Vers le sud, au loin, commençait néanmoins à apparaître les contours d’une étrange structure, donnant l’impression qu’une divinité avait posé là son empreinte sur le monde. Et c’était le cas. “Celui que Horus avait perfectionné” avait, depuis quelques années, entreprit de laisser sa marque dans l’histoire des hommes. Une marque qui le suivrait dans sa vie immortelle d’après. Un tombeau royal était lentement érigé au sein de la zone de Dahchour.

Un bruit sourd et régulier commença à s’élever du campement. Avec le soleil qui faisait son apparition, les ouvriers reprenaient peu à peu leur labeur. Attentif au bon fonctionnement du chantier, un vieil homme se tenait à l’ombre de l’entrée d’une tente. Des rides parcheminaient son visage, mais ses yeux éclairés trahissaient un esprit encore bien vif. Architecte en chef du nouveau projet en construction, Behton se sentait particulièrement fatigué en cette chaude matinée. Alors qu’un peu plus au sud la pyramide de Khâ Snéfrou-Resi était déjà bien entamée, des problèmes structurels étaient apparus, orientant plus au nord le choix d’une sépulture pour Pharaon.
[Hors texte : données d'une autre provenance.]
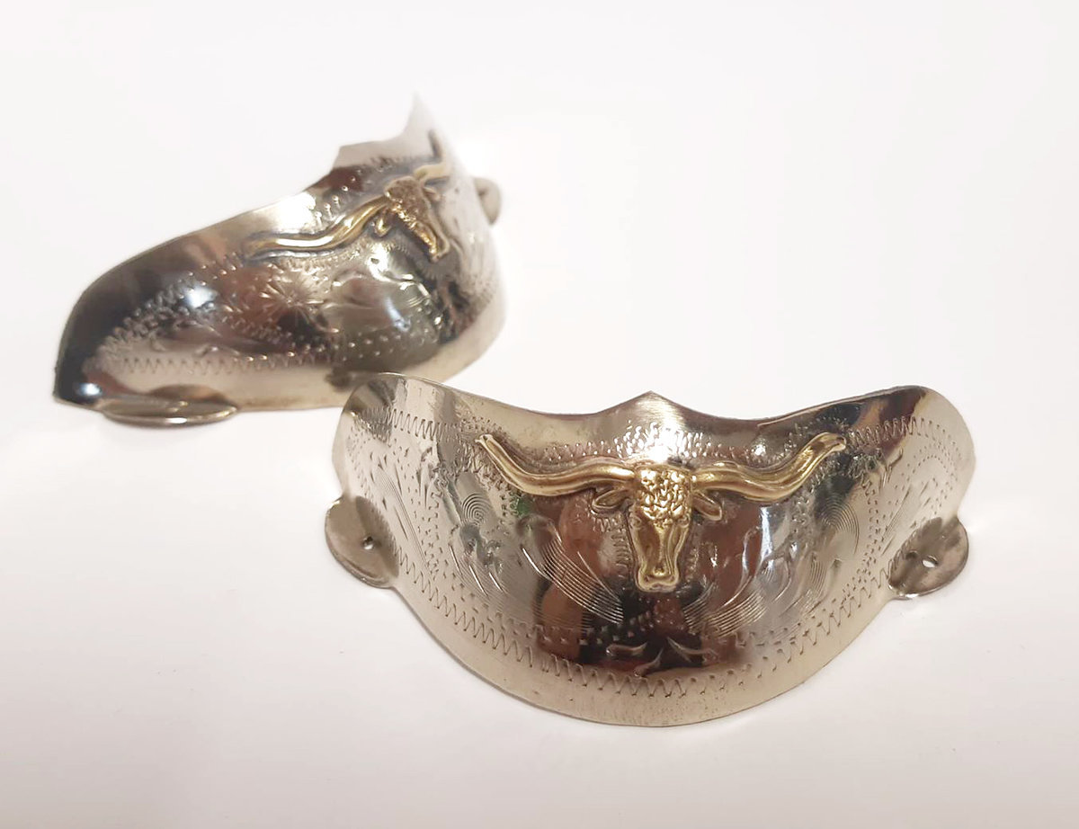 Leveä, pyöreän kärjen peittävä kärkirauta bootsiin. Rauta hopeanvärinen, härkäkuvio kullanvärinen.Mukana kiinnitystarvikkeet. Hinta / pari.

C’est ainsi que Behton s’était vu confier, au crépuscule de sa vie, la tâche énorme de mener à bien la construction de la pyramide de Khâ Snéfrou-Mehti. Cette lourde responsabilité lui incombant pesait sur ses épaules et l'empêchait de partager la liesse qui s’était emparée des contres-maîtres depuis que, la veille, un messager était venu annoncer l’arrivée imminente du roi et de sa suite.  Peu d’entre eux avaient eu l’opportunité d’apercevoir le protégé d’Horus, le souverain d’Egypte.
— Maître ! Maître !
Behton se tourna vers le jeune garçon tout en sueur qui venait d’apparaître à son côté.
— Qu’y a-t-il Hémiounou, pourquoi cet empressement soudain ?
— Maître, on vient de nous signaler la procession royale. Elle sera là sous peu.
— Bien, va donc te laver le visage, et rejoins-moi au pied du versant sud, veux-tu ?
— Oui Maître.
Le jeune garçon détala aussi vite qu’il était venu. Behton soupira en le suivant du regard. Il enviait la fougue de sa jeunesse, mais il avait souvent beaucoup de mal à la canaliser. Heureusement pour lui, son apprenti était plein de promesses, et le vieil homme se sentait satisfait de pouvoir compter sur lui pour prendre sa relève lorsque son tour d’être confronté à la pesée de son âme viendrait.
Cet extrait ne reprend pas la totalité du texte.